COLLECTED MATERIAL:
== Segment start ==

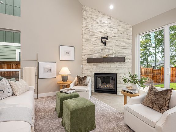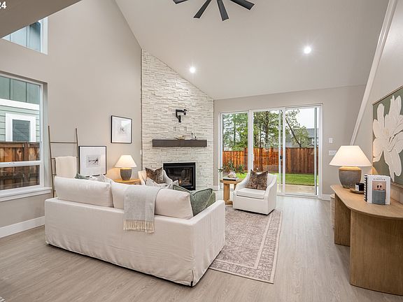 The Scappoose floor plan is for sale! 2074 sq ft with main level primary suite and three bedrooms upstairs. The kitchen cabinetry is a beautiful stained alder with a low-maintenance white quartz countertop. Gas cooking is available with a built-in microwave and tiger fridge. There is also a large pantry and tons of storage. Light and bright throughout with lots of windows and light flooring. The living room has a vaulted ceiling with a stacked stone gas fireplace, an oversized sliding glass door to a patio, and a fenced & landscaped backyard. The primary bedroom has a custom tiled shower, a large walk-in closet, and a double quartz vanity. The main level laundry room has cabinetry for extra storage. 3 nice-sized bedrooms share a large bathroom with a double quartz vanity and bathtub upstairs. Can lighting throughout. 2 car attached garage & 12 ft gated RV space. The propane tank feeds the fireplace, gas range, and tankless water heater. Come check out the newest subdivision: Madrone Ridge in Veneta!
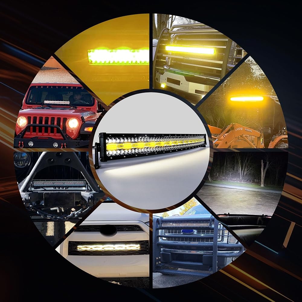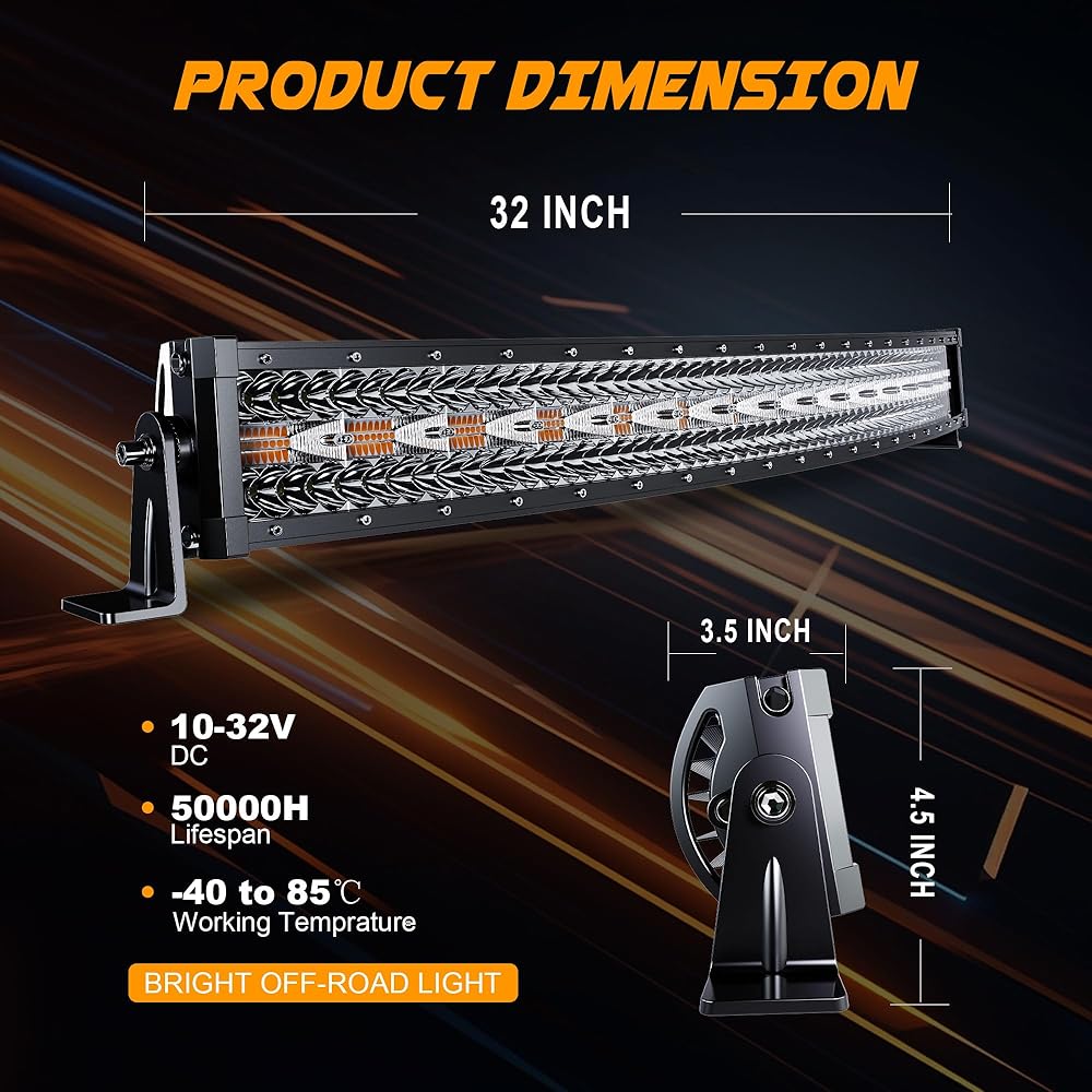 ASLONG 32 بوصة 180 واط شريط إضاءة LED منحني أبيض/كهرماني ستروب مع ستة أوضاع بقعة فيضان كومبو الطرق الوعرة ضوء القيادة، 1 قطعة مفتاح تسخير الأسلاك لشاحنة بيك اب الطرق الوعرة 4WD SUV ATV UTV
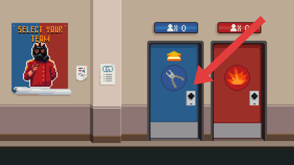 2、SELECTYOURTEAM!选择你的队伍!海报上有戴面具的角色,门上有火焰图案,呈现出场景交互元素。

== Segment end ==

DIRECTIONS FOR THIS TASK: Your answer must be exactly the lines from the one with "ASLONG 32 بوصة" through the final line of the data, with no pictures in it.

REPLY TO THE TASK:
 ASLONG 32 بوصة 180 واط شريط إضاءة LED منحني أبيض/كهرماني ستروب مع ستة أوضاع بقعة فيضان كومبو الطرق الوعرة ضوء القيادة، 1 قطعة مفتاح تسخير الأسلاك لشاحنة بيك اب الطرق الوعرة 4WD SUV ATV UTV
 2、SELECTYOURTEAM!选择你的队伍!海报上有戴面具的角色,门上有火焰图案,呈现出场景交互元素。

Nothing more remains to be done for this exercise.